= INPUT =
-- Opening Marker --

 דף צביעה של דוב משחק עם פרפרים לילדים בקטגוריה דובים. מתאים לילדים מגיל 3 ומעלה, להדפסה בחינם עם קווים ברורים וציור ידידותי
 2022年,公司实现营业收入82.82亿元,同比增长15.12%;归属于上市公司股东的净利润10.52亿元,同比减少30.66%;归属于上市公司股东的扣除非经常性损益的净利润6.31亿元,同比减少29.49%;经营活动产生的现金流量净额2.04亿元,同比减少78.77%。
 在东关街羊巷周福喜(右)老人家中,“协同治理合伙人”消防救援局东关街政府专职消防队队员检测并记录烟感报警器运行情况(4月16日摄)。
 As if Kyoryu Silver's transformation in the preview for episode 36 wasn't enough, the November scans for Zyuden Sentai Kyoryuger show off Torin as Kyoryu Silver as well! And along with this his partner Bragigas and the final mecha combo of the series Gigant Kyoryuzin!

-- Closing Marker --
-- Opening Marker --

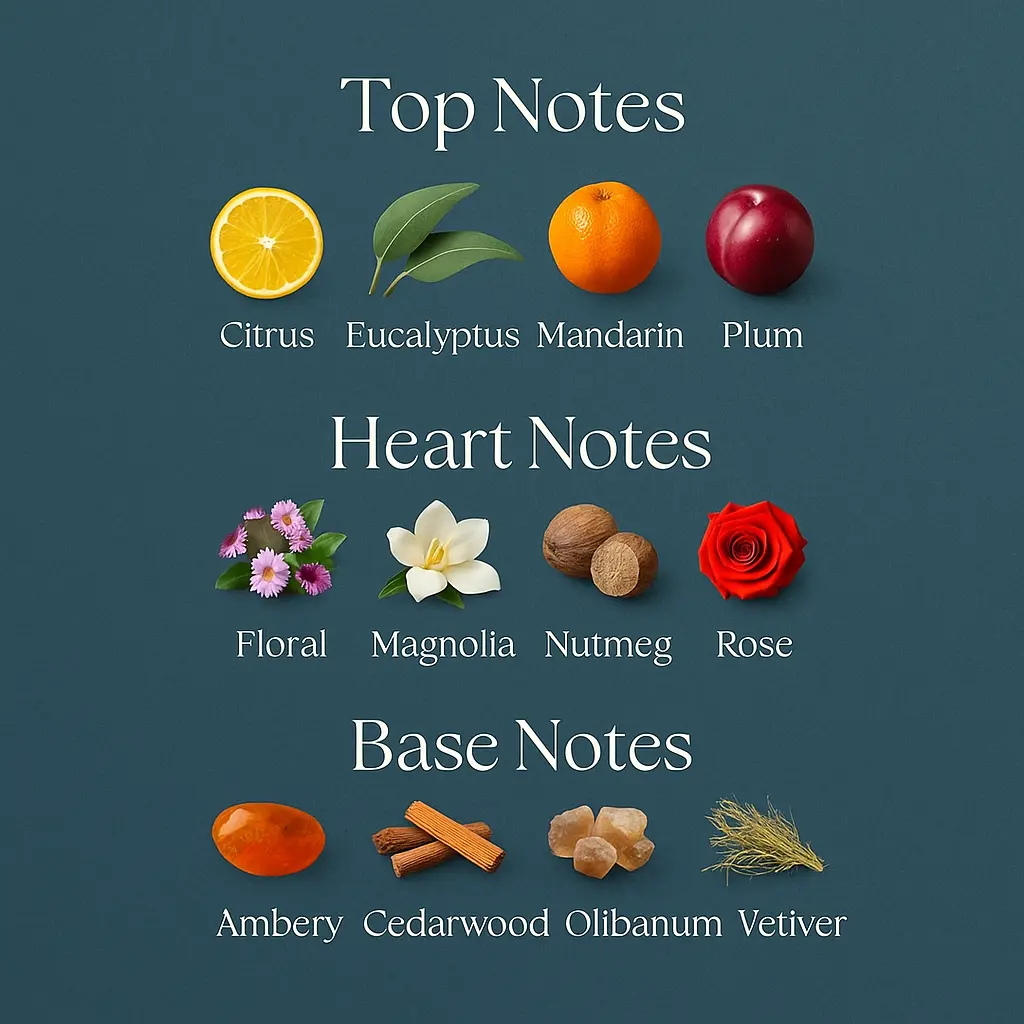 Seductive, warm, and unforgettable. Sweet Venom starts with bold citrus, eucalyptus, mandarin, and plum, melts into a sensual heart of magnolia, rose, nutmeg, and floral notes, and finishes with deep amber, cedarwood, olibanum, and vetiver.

-- Closing Marker --

= PROBLEM TO SOLVE =
Give back, exactly as written, the stretch from the line with "דף צביעה של" through the line with "As if Kyoryu", and no other lines from the records above.

= EXERCISE RESPONSE =
 דף צביעה של דוב משחק עם פרפרים לילדים בקטגוריה דובים. מתאים לילדים מגיל 3 ומעלה, להדפסה בחינם עם קווים ברורים וציור ידידותי
 2022年,公司实现营业收入82.82亿元,同比增长15.12%;归属于上市公司股东的净利润10.52亿元,同比减少30.66%;归属于上市公司股东的扣除非经常性损益的净利润6.31亿元,同比减少29.49%;经营活动产生的现金流量净额2.04亿元,同比减少78.77%。
 在东关街羊巷周福喜(右)老人家中,“协同治理合伙人”消防救援局东关街政府专职消防队队员检测并记录烟感报警器运行情况(4月16日摄)。
 As if Kyoryu Silver's transformation in the preview for episode 36 wasn't enough, the November scans for Zyuden Sentai Kyoryuger show off Torin as Kyoryu Silver as well! And along with this his partner Bragigas and the final mecha combo of the series Gigant Kyoryuzin!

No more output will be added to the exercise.